After several close calls with the law that failed to result in arrest, O’Hara saw the light, got himself into treatment, and, once cleared, wanted to give back by going into schools and talking about the dangers of drug addiction.
But O’Hara was deeply skeptical at first.
“When I was first presented with this information, I was a year and a half in recovery,” he revealed. “I was going to a funeral a month. When they told me I was going into schools to talk about marijuana and vaping, it was frustrating, like we were doing the wrong thing. But when this information was presented to me, how we’re getting kids addicted to nicotine at 13, 14, 15 years old, and how it’s leading to other addictions later in life, I was stunned.
“We were lied to; we were told that vaping was safer,” he added. “It just so happens that while tobacco’s revenue was going down because people stopped smoking, a ‘safer alternative’ happened. And now we have more people vaping than smoking.
“How many teenagers do you know that started vaping to quit smoking cigarettes? None.”
O’Hara then mentioned that R.J. Reynolds – still one of the largest tobacco companies in the world – is complicit in the vaping scourge.

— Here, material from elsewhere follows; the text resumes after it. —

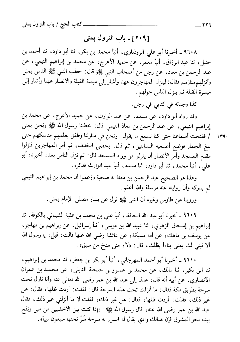 9608 - أَخْبَرَنَا أَبُو عَلِيٍّ الرُّوذْبَارِيُّ , أنبأ مُحَمَّدُ بْنُ بَكْرٍ , ثنا أَبُو دَاوُدَ , ثنا أَحْمَدُ بْنُ حَنْبَلٍ , ثنا عَبْدُ الرَّزَّاقِ , أنبأ مَعْمَرٌ , عَنْ حُمَيْدٍ الْأَعْرَجِ , عَنْ مُحَمَّدِ بْنِ إِبْرَاهِيمَ التَّيْمِيِّ , عَنْ عَبْدِ الرَّحْمَنِ بْنِ مُعَاذٍ , عَنْ رَجُلٍ مِنْ أَصْحَابِ النَّبِيِّ صَلَّى اللهُ عَلَيْهِ وَسَلَّمَ , قَالَ: خَطَبَ النَّبِيُّ صَلَّى اللهُ عَلَيْهِ وَسَلَّمَ النَّاسَ بِمِنًى وَأَنْزَلَهُمْ مَنَازِلَهُمْ , فَقَالَ: §" لِيَنْزِلِ الْمُهَاجِرُونَ هَا هُنَا " وَأَشَارَ إِلَى مَيْمَنَةِ الْقِبْلَةِ " وَالْأَنْصَارُ هَا هُنَا " وَأَشَارَ إِلَى مَيْسَرَةِ الْقِبْلَةِ " ثُمَّ يَنْزِلُ النَّاسُ حَوْلَهُمْ " كَذَا وَجَدْتُهُ فِي كِتَابِي عَنْ رَجُلٍ , وَقَدْ رَوَاهُ أَبُو دَاوُدَ , عَنْ مُسَدَّدٍ , عَنْ عَبْدِ الْوَارِثِ , عَنْ حُمَيْدٍ الْأَعْرَجِ , عَنْ مُحَمَّدِ بْنِ إِبْرَاهِيمَ التَّيْمِيِّ , عَنْ عَبْدِ الرَّحْمَنِ بْنِ مُعَاذٍ التَّيْمِيِّ , قَالَ: خَطَبَنَا رَسُولُ اللهِ صَلَّى اللهُ عَلَيْهِ وَسَلَّمَ وَنَحْنُ بِمِنًى فَفُتِحَتْ أَسْمَاعُنَا حَتَّى كُنَّا نَسْمَعُ مَا يَقُولُ , وَنَحْنُ فِي مَنَازِلِنَا وَطَفِقَ يُعَلِّمُهُمْ مَنَاسِكَهُمْ حَتَّى بَلَغَ الْجِمَارَ فَوَضَعَ أُصْبُعَيْهِ السَّبَّابَتَيْنِ ثُمَّ قَالَ: " بِحَصَى الْخَذْفِ " ثُمَّ أَمَرَ الْمُهَاجِرِينَ فَنَزَلُوا مُقَدَّمَ الْمَسْجِدِ وَأَمَرَ الْأَنْصَارَ أَنْ يَنْزِلُوا مِنْ وَرَاءِ الْمَسْجِدِ , قَالَ: ثُمَّ نَزَلَ النَّاسُ بَعْدُ , أَخْبَرَنَاهُ أَبُو عَلِيٍّ , أَنْبَأَ مُحَمَّدٌ , ثنا أَبُو دَاوُدَ , ثنا مُسَدَّدٌ , أَنْبَأَ عَبْدُ الْوَارِثِ فَذَكَرَهُ. وَهَذَا هُوَ الصَّحِيحُ , عَبْدُ الرَّحْمَنِ بْنُ مُعَاذٍ لَهُ صُحْبَةٌ وَزَعَمُوا أَنَّ مُحَمَّدَ بْنَ إِبْرَاهِيمَ التَّيْمِيَّ لَمْ يُدْرِكْهُ , وَأَنَّ رِوَايَتَهُ عَنْهُ مُرْسَلَةٌ وَاللهُ أَعْلَمُ , وَرُوِّينَا عَنْ طَاوُسٍ وَغَيْرِهِ أَنَّ النَّبِيَّ صَلَّى اللهُ عَلَيْهِ وَسَلَّمَ نَزَلَ عَلَى يَسَارِ مُصَلَّى الْإِمَامِ بِمِنًى
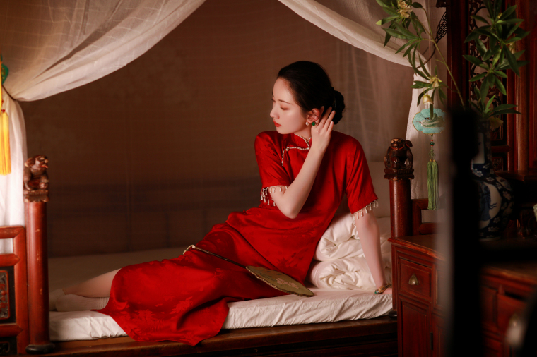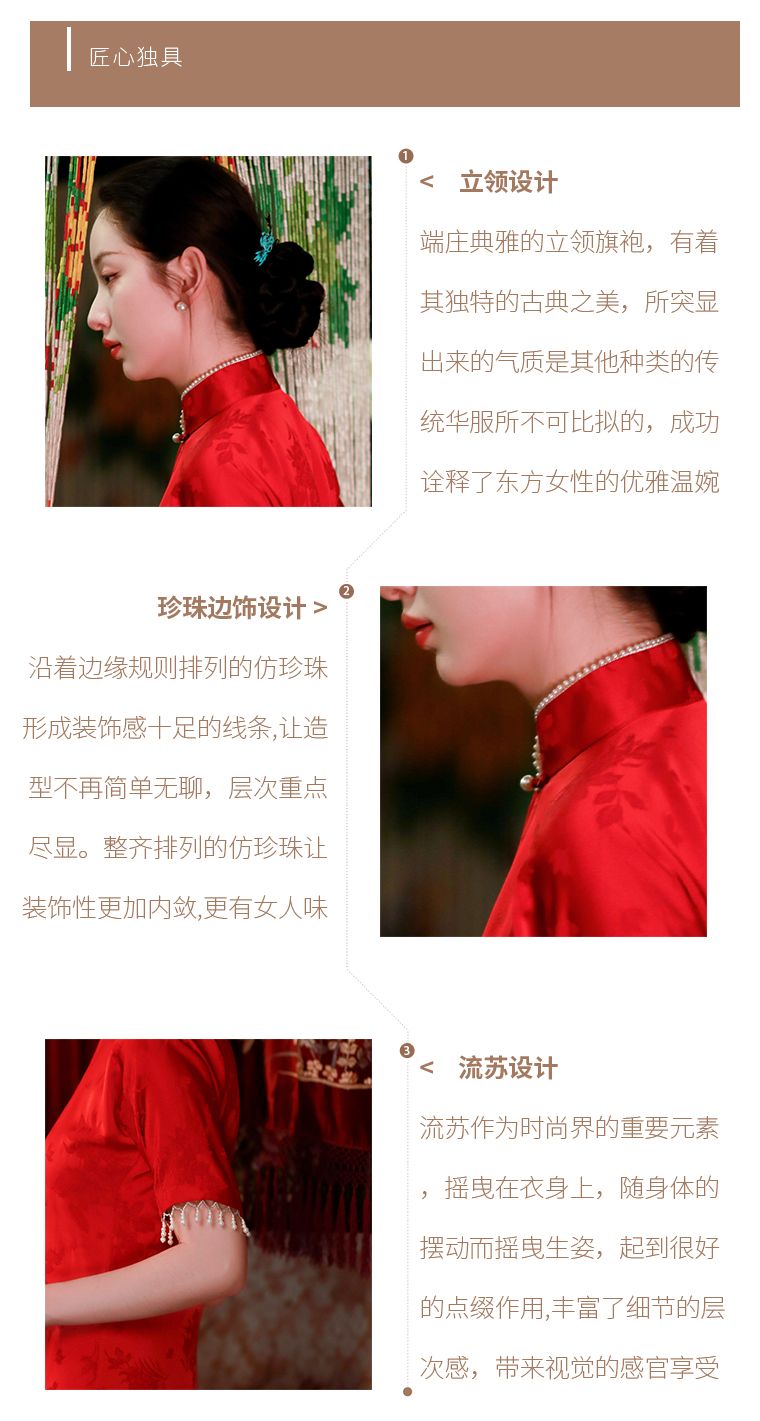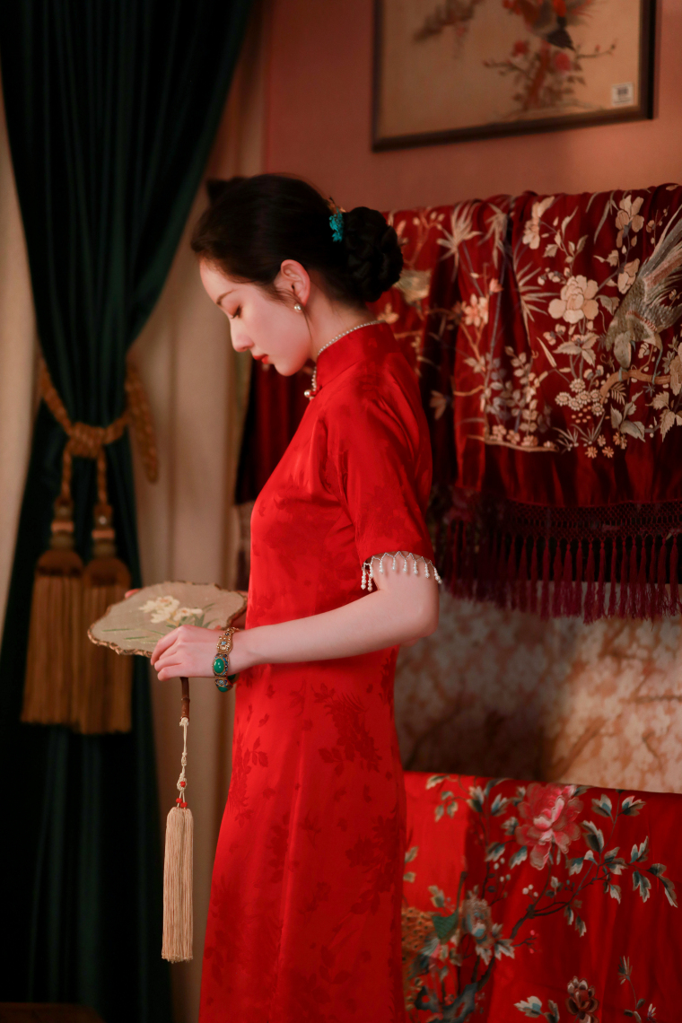 Floral Red Beauty | a City of Wind and Snow | Spring and Summer Red Jacquard Satin Vintage Toasting Cheongsam Wedding Festive Bride Outfit

“There’s also this lie that big tobacco is not involved — it is 100-percent involved,” he intoned.
According to statistics from O’Hara, the percentage decline among pre-teens and teens who smoked cigarettes was accompanied by a sharp rise in the number who turned to vaping. In 2001, 28 percent of that group smoked cigarettes, dipping to just 10 percent in 2016. While only 32 percent admitted to vaping in 2016, their number has skyrocketed to nearly 80 percent in 2019.
O’Hara also reported that as of this year, there were 8,000 documented cases of vaping-related lung issues. According to the latest CDC report issued in late October, there have been 34 deaths in 2019 alone related to e-cigarette or vaping associated lung injury (EVALI).
O’Hara also drove home the point that nobody can truly tell if a person is addicted just by looking at them.
“I was a very good kid, a very good athlete and I ended up a criminal for a good portion of my life,” he acknowledged. “And even during my criminal behavior years, I still was a good kid …
“I am your child; I could be anyone and it could happen at any point.”
HMS Principal Tracy Matozzo said she will work with teachers Daria Resnick from the middle school and Haddonfield Memorial High School’s Mike Romea, to bring O’Hara back for a talk with 6th- and 7th-graders.
Before departing the forum, she offered the following advice for parents to take back to their kids.
“Be mindful of peer pressure. Be mindful of what happens when you feel insecure,” she warned. “Be mindful of what happens when you have things going on at home and you can’t manage your emotions.
“Most of the time, those are the life experiences that have led students to us.”